WORK TO BE COMPLETED:
Would you write out the lines below exactly, from the one containing "Întrecerea tinerelor confecționere" to the very last, but without the pictures?
=== EXTRACTED ENTRIES ===
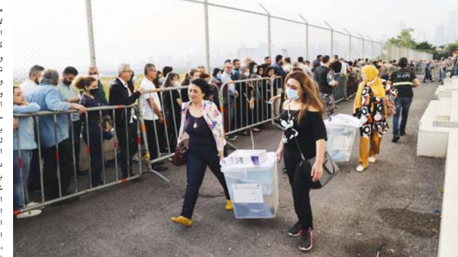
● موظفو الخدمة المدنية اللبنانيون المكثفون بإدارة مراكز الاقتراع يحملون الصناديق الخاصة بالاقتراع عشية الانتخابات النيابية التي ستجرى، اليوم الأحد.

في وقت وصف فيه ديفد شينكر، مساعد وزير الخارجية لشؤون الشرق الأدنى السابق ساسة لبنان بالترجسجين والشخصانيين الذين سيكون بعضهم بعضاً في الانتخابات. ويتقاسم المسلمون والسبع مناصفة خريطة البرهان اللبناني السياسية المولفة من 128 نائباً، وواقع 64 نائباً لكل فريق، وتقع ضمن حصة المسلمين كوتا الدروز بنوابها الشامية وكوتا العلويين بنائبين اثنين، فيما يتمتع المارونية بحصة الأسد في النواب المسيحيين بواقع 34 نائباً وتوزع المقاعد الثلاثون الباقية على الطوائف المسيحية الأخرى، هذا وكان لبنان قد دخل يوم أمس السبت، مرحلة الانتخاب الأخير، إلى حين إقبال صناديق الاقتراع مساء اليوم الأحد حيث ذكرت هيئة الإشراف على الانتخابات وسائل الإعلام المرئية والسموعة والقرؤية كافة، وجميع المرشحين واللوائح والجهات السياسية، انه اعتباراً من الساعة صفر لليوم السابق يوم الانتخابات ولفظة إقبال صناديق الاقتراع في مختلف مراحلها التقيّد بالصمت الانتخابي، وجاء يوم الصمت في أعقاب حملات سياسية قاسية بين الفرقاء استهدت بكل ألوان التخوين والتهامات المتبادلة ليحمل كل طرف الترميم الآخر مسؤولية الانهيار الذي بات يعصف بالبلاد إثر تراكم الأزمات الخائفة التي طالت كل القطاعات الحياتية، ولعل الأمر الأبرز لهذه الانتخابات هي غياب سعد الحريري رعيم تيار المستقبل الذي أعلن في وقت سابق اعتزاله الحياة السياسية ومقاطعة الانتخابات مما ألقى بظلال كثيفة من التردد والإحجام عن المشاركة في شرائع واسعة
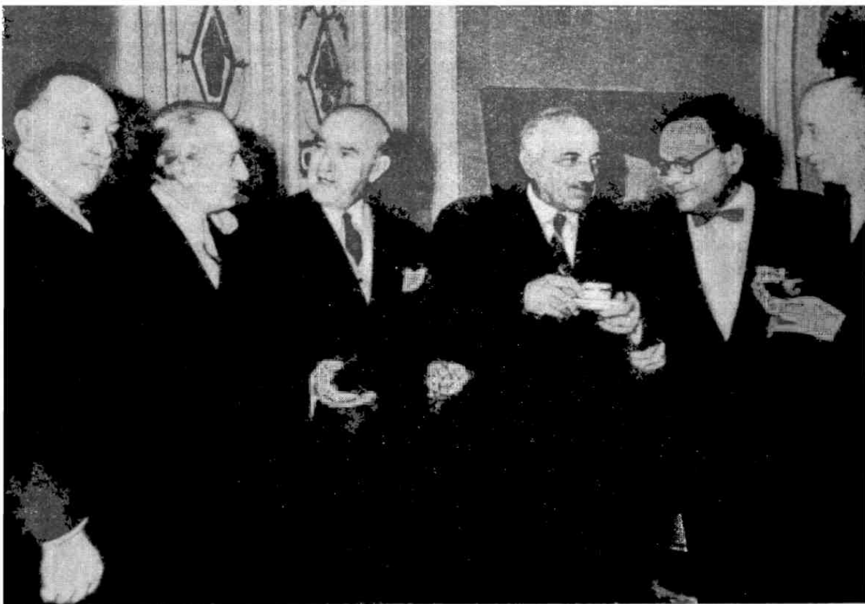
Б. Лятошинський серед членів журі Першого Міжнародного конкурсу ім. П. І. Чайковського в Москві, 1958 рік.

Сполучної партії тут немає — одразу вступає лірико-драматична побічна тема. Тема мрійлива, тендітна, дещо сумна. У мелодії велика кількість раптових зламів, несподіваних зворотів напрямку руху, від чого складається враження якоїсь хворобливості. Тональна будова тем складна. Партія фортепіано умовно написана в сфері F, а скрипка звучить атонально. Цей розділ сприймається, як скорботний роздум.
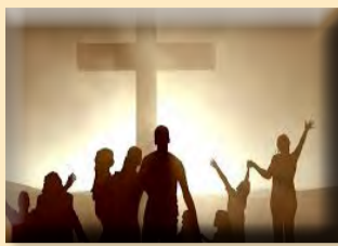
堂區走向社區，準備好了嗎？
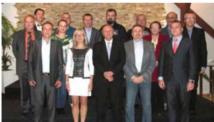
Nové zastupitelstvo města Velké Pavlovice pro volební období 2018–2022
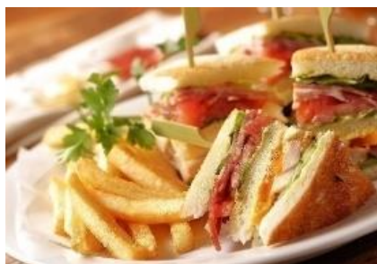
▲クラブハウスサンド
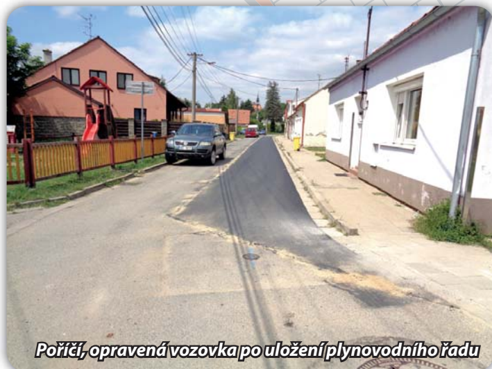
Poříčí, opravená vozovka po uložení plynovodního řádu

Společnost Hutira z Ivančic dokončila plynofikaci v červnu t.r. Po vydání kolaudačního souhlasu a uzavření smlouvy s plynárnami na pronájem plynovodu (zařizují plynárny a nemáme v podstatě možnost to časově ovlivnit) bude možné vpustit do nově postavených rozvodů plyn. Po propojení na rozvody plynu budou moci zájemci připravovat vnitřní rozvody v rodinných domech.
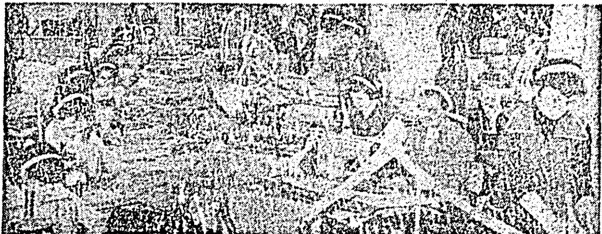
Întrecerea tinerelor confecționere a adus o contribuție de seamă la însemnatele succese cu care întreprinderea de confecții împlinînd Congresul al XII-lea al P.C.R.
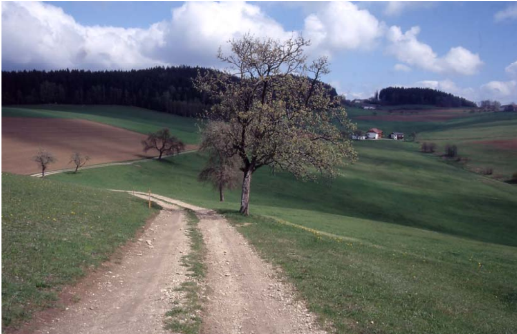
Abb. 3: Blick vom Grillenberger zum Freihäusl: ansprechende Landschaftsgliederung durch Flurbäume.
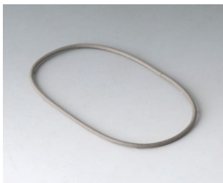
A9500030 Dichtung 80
===
TASK RESULT:
Întrecerea tinerelor confecționere a adus o contribuție de seamă la însemnatele succese cu care întreprinderea de confecții împlinînd Congresul al XII-lea al P.C.R.
Abb. 3: Blick vom Grillenberger zum Freihäusl: ansprechende Landschaftsgliederung durch Flurbäume.
A9500030 Dichtung 80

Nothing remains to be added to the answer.